Number Three: Give Up Magical Beliefs

Have you ever ponied up money for a motivational seminar or some secret technique to learn something special?

How did it work out?

If you saw Mr Big Motivational Guru on stage at his big show I bet you came out all fired up for a few days or a few weeks. Then what happened? It fizzled right? You slowly went right back to the way you were, your same old lazy self.

Or maybe you read about some amazing sales technique, so you signed up for the six week course and committed to do it. But your sales figures never really changed did they?

Everyone who is selling you motivation is selling you snake oil.

Sorry but they are, even if they mean well. And if they mean well they are the last unwitting agents of Maya. In other words they aren’t doing it intentionally, they actually think they’re helping.

But they’re not.

You can’t borrow someone’s motivation. No matter how many books you read or chants you do you won’t become more motivated.

Motivation comes from inside. It comes from you and nowhere else.

Nobody else can give it to you. Ever. Under any circumstances. Not even me.

Forget motivational crap. Motivate your damn self.

Motivation is not some wacky ass technique like visualizing what you want. That’s just some garbage to sell you a DVD set and a seminar.

You will not grow rich by “thinking” about it. Visualizing a fast car every morning before breakfast will not get you a Ferrari no matter what the stupid “secret” says.

The sooner you let go of gurus and magical beliefs, the sooner you’ll put away childish things for good and the sooner you can get to the real hard work of change.

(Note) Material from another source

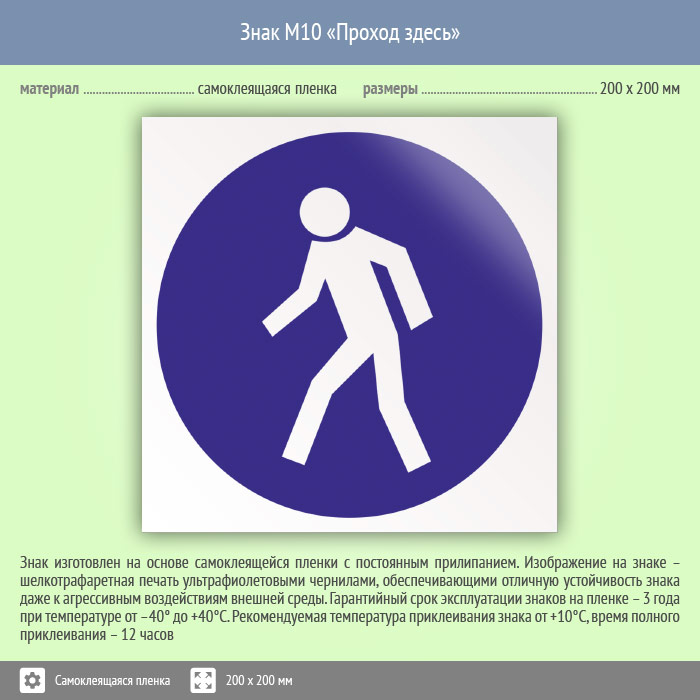 Знак M10 «Проход здесь» (пленка, 200х200 мм) в Верее купить
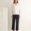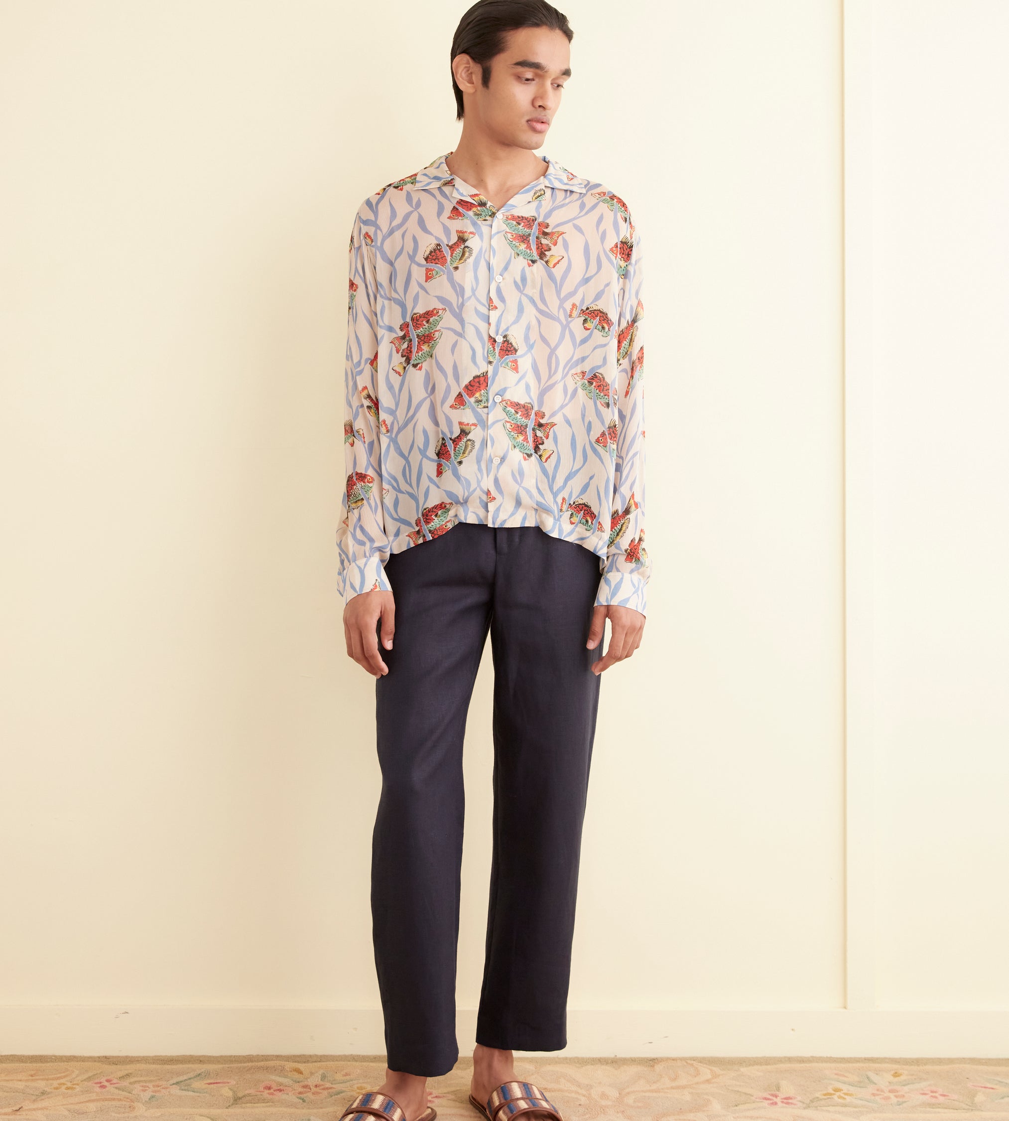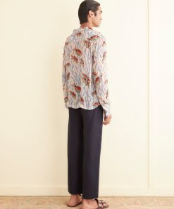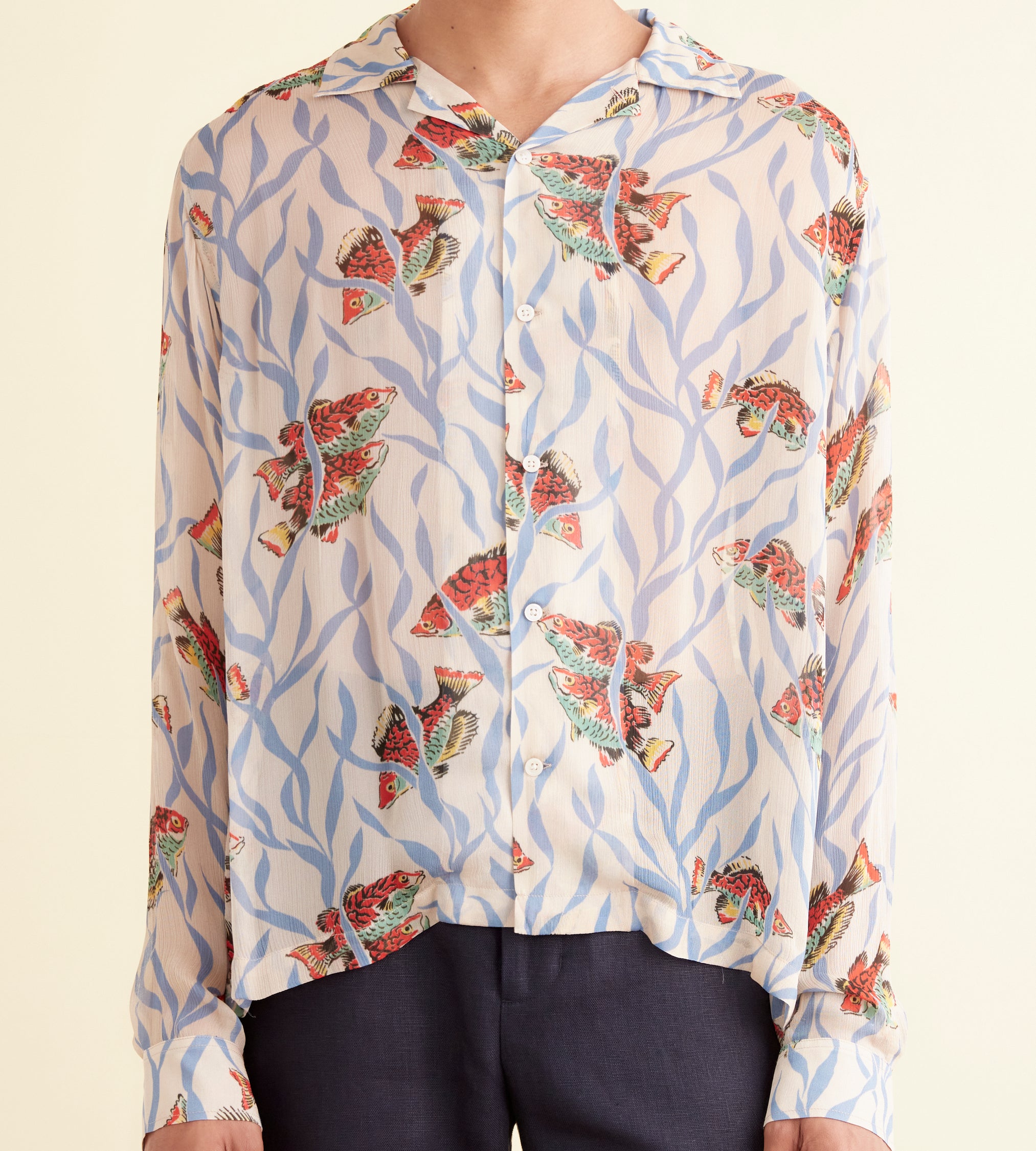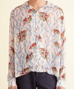 This shirt is inspired by deadstock yardage from the midcentury, which was printed with a pattern of blue seaweed and orange fish. We reproduced the original print on a fine, textured crepe for this style.

So how do we destroy our dependence on magical beliefs?

Number Four: Critical Thinking

What is critical thinking?

It’s the most underrated and under-appreciated skill in the known universe.

The Foundation of Critical Thinking defines it this way:

“Critical thinking is the intellectually disciplined process of actively and skillfully conceptualizing, applying, analyzing, synthesizing, and/or evaluating information gathered from, or generated by, observation, experience, reflection, reasoning, or communication, as a guide to belief and action.”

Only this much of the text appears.